── Task input ──
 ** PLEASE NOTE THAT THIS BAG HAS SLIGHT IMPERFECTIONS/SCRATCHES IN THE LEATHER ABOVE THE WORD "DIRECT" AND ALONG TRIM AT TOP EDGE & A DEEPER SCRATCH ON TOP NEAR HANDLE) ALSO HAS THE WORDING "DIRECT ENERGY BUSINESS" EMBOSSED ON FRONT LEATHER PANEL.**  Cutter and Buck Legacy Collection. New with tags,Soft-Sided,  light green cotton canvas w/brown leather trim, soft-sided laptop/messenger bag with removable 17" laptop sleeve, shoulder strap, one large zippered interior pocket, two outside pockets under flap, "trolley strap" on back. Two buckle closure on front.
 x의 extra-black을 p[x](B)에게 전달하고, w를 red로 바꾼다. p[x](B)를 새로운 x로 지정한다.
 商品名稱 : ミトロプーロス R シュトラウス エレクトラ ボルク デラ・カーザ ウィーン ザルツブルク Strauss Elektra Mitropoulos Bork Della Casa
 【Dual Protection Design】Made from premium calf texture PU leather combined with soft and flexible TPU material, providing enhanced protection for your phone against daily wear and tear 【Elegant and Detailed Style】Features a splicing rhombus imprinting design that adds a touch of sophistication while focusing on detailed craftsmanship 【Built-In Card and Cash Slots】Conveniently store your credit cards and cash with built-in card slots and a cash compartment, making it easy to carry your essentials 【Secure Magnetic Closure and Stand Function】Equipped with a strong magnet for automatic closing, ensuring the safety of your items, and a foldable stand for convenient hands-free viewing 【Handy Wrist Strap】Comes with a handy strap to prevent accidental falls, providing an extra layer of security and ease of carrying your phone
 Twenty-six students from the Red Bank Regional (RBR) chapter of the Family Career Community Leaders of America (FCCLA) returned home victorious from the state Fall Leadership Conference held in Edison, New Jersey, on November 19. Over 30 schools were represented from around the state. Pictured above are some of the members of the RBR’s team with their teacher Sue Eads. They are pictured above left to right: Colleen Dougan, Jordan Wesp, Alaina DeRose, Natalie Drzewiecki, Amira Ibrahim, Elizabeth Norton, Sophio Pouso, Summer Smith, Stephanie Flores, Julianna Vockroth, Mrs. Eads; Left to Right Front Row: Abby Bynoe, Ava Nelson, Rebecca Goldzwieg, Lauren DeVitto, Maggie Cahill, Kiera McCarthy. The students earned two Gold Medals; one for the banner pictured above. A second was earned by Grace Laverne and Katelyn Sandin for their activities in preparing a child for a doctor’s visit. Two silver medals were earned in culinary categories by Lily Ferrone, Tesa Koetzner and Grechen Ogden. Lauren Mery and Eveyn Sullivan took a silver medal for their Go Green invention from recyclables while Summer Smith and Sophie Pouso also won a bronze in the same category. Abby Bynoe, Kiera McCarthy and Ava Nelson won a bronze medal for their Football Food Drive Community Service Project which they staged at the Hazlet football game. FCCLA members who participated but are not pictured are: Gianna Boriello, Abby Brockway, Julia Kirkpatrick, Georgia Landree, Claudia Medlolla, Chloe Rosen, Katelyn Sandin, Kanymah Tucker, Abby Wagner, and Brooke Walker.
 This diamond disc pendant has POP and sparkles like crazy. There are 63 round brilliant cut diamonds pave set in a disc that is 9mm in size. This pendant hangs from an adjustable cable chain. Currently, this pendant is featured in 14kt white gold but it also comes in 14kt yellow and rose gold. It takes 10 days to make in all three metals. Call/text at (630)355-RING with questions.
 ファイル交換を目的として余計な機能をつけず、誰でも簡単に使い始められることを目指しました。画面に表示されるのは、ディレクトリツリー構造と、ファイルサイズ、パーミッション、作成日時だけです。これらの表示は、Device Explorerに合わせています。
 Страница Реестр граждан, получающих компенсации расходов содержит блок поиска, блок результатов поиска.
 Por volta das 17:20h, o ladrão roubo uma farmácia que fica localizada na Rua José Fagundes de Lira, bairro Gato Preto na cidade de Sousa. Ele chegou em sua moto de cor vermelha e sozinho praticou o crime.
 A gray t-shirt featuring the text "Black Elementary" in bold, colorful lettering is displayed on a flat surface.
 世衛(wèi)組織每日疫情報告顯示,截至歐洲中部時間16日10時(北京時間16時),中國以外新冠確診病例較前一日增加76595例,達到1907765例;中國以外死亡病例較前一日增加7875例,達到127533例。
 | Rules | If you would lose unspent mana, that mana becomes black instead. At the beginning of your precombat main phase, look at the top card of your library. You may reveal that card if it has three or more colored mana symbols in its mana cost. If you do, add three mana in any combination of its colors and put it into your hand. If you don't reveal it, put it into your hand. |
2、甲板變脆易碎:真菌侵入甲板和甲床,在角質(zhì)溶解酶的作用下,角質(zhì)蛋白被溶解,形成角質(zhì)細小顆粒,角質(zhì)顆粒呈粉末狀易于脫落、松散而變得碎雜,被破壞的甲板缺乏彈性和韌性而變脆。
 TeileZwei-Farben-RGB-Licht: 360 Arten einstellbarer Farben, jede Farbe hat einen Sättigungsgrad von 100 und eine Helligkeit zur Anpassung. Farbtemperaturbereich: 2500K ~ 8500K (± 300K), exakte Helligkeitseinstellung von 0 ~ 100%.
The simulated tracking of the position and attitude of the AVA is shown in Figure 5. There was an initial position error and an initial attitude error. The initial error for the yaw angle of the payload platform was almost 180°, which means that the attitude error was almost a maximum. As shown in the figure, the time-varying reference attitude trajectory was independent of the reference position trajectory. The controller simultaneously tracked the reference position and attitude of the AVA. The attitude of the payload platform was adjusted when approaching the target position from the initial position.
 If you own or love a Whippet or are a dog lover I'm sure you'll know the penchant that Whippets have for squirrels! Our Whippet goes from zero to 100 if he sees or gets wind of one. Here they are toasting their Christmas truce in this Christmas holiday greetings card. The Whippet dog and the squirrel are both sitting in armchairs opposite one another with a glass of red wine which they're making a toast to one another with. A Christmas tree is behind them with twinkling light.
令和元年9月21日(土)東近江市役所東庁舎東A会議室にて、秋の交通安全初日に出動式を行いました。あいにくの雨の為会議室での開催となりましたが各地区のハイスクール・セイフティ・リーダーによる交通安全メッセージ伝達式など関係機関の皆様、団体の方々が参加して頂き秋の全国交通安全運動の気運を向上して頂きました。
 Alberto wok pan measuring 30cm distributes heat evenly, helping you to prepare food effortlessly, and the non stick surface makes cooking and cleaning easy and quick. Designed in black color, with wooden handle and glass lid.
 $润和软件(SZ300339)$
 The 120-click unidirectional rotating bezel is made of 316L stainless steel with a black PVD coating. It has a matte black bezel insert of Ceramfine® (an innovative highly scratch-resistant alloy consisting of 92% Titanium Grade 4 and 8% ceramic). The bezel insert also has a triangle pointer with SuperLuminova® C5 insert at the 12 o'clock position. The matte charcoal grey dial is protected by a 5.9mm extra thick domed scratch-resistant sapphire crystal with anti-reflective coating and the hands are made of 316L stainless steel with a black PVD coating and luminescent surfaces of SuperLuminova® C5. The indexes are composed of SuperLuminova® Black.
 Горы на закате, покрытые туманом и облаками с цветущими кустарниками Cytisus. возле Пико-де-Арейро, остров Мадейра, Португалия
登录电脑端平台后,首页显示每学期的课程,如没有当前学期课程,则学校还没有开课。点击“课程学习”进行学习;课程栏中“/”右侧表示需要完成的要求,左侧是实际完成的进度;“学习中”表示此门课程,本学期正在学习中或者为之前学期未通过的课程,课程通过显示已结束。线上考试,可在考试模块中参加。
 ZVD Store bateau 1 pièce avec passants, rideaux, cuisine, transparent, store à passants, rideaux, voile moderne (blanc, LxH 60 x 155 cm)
───
### The problem
Print the data above exactly as it was provided.

### Written solution
 ** PLEASE NOTE THAT THIS BAG HAS SLIGHT IMPERFECTIONS/SCRATCHES IN THE LEATHER ABOVE THE WORD "DIRECT" AND ALONG TRIM AT TOP EDGE & A DEEPER SCRATCH ON TOP NEAR HANDLE) ALSO HAS THE WORDING "DIRECT ENERGY BUSINESS" EMBOSSED ON FRONT LEATHER PANEL.**  Cutter and Buck Legacy Collection. New with tags,Soft-Sided,  light green cotton canvas w/brown leather trim, soft-sided laptop/messenger bag with removable 17" laptop sleeve, shoulder strap, one large zippered interior pocket, two outside pockets under flap, "trolley strap" on back. Two buckle closure on front.
 x의 extra-black을 p[x](B)에게 전달하고, w를 red로 바꾼다. p[x](B)를 새로운 x로 지정한다.
 商品名稱 : ミトロプーロス R シュトラウス エレクトラ ボルク デラ・カーザ ウィーン ザルツブルク Strauss Elektra Mitropoulos Bork Della Casa
 【Dual Protection Design】Made from premium calf texture PU leather combined with soft and flexible TPU material, providing enhanced protection for your phone against daily wear and tear 【Elegant and Detailed Style】Features a splicing rhombus imprinting design that adds a touch of sophistication while focusing on detailed craftsmanship 【Built-In Card and Cash Slots】Conveniently store your credit cards and cash with built-in card slots and a cash compartment, making it easy to carry your essentials 【Secure Magnetic Closure and Stand Function】Equipped with a strong magnet for automatic closing, ensuring the safety of your items, and a foldable stand for convenient hands-free viewing 【Handy Wrist Strap】Comes with a handy strap to prevent accidental falls, providing an extra layer of security and ease of carrying your phone
 Twenty-six students from the Red Bank Regional (RBR) chapter of the Family Career Community Leaders of America (FCCLA) returned home victorious from the state Fall Leadership Conference held in Edison, New Jersey, on November 19. Over 30 schools were represented from around the state. Pictured above are some of the members of the RBR’s team with their teacher Sue Eads. They are pictured above left to right: Colleen Dougan, Jordan Wesp, Alaina DeRose, Natalie Drzewiecki, Amira Ibrahim, Elizabeth Norton, Sophio Pouso, Summer Smith, Stephanie Flores, Julianna Vockroth, Mrs. Eads; Left to Right Front Row: Abby Bynoe, Ava Nelson, Rebecca Goldzwieg, Lauren DeVitto, Maggie Cahill, Kiera McCarthy. The students earned two Gold Medals; one for the banner pictured above. A second was earned by Grace Laverne and Katelyn Sandin for their activities in preparing a child for a doctor’s visit. Two silver medals were earned in culinary categories by Lily Ferrone, Tesa Koetzner and Grechen Ogden. Lauren Mery and Eveyn Sullivan took a silver medal for their Go Green invention from recyclables while Summer Smith and Sophie Pouso also won a bronze in the same category. Abby Bynoe, Kiera McCarthy and Ava Nelson won a bronze medal for their Football Food Drive Community Service Project which they staged at the Hazlet football game. FCCLA members who participated but are not pictured are: Gianna Boriello, Abby Brockway, Julia Kirkpatrick, Georgia Landree, Claudia Medlolla, Chloe Rosen, Katelyn Sandin, Kanymah Tucker, Abby Wagner, and Brooke Walker.
 This diamond disc pendant has POP and sparkles like crazy. There are 63 round brilliant cut diamonds pave set in a disc that is 9mm in size. This pendant hangs from an adjustable cable chain. Currently, this pendant is featured in 14kt white gold but it also comes in 14kt yellow and rose gold. It takes 10 days to make in all three metals. Call/text at (630)355-RING with questions.
 ファイル交換を目的として余計な機能をつけず、誰でも簡単に使い始められることを目指しました。画面に表示されるのは、ディレクトリツリー構造と、ファイルサイズ、パーミッション、作成日時だけです。これらの表示は、Device Explorerに合わせています。
 Страница Реестр граждан, получающих компенсации расходов содержит блок поиска, блок результатов поиска.
 Por volta das 17:20h, o ladrão roubo uma farmácia que fica localizada na Rua José Fagundes de Lira, bairro Gato Preto na cidade de Sousa. Ele chegou em sua moto de cor vermelha e sozinho praticou o crime.
 A gray t-shirt featuring the text "Black Elementary" in bold, colorful lettering is displayed on a flat surface.
 世衛(wèi)組織每日疫情報告顯示,截至歐洲中部時間16日10時(北京時間16時),中國以外新冠確診病例較前一日增加76595例,達到1907765例;中國以外死亡病例較前一日增加7875例,達到127533例。
 | Rules | If you would lose unspent mana, that mana becomes black instead. At the beginning of your precombat main phase, look at the top card of your library. You may reveal that card if it has three or more colored mana symbols in its mana cost. If you do, add three mana in any combination of its colors and put it into your hand. If you don't reveal it, put it into your hand. |
2、甲板變脆易碎:真菌侵入甲板和甲床,在角質(zhì)溶解酶的作用下,角質(zhì)蛋白被溶解,形成角質(zhì)細小顆粒,角質(zhì)顆粒呈粉末狀易于脫落、松散而變得碎雜,被破壞的甲板缺乏彈性和韌性而變脆。
 TeileZwei-Farben-RGB-Licht: 360 Arten einstellbarer Farben, jede Farbe hat einen Sättigungsgrad von 100 und eine Helligkeit zur Anpassung. Farbtemperaturbereich: 2500K ~ 8500K (± 300K), exakte Helligkeitseinstellung von 0 ~ 100%.
The simulated tracking of the position and attitude of the AVA is shown in Figure 5. There was an initial position error and an initial attitude error. The initial error for the yaw angle of the payload platform was almost 180°, which means that the attitude error was almost a maximum. As shown in the figure, the time-varying reference attitude trajectory was independent of the reference position trajectory. The controller simultaneously tracked the reference position and attitude of the AVA. The attitude of the payload platform was adjusted when approaching the target position from the initial position.
 If you own or love a Whippet or are a dog lover I'm sure you'll know the penchant that Whippets have for squirrels! Our Whippet goes from zero to 100 if he sees or gets wind of one. Here they are toasting their Christmas truce in this Christmas holiday greetings card. The Whippet dog and the squirrel are both sitting in armchairs opposite one another with a glass of red wine which they're making a toast to one another with. A Christmas tree is behind them with twinkling light.
令和元年9月21日(土)東近江市役所東庁舎東A会議室にて、秋の交通安全初日に出動式を行いました。あいにくの雨の為会議室での開催となりましたが各地区のハイスクール・セイフティ・リーダーによる交通安全メッセージ伝達式など関係機関の皆様、団体の方々が参加して頂き秋の全国交通安全運動の気運を向上して頂きました。
 Alberto wok pan measuring 30cm distributes heat evenly, helping you to prepare food effortlessly, and the non stick surface makes cooking and cleaning easy and quick. Designed in black color, with wooden handle and glass lid.
 $润和软件(SZ300339)$
 The 120-click unidirectional rotating bezel is made of 316L stainless steel with a black PVD coating. It has a matte black bezel insert of Ceramfine® (an innovative highly scratch-resistant alloy consisting of 92% Titanium Grade 4 and 8% ceramic). The bezel insert also has a triangle pointer with SuperLuminova® C5 insert at the 12 o'clock position. The matte charcoal grey dial is protected by a 5.9mm extra thick domed scratch-resistant sapphire crystal with anti-reflective coating and the hands are made of 316L stainless steel with a black PVD coating and luminescent surfaces of SuperLuminova® C5. The indexes are composed of SuperLuminova® Black.
 Горы на закате, покрытые туманом и облаками с цветущими кустарниками Cytisus. возле Пико-де-Арейро, остров Мадейра, Португалия
登录电脑端平台后,首页显示每学期的课程,如没有当前学期课程,则学校还没有开课。点击“课程学习”进行学习;课程栏中“/”右侧表示需要完成的要求,左侧是实际完成的进度;“学习中”表示此门课程,本学期正在学习中或者为之前学期未通过的课程,课程通过显示已结束。线上考试,可在考试模块中参加。
 ZVD Store bateau 1 pièce avec passants, rideaux, cuisine, transparent, store à passants, rideaux, voile moderne (blanc, LxH 60 x 155 cm)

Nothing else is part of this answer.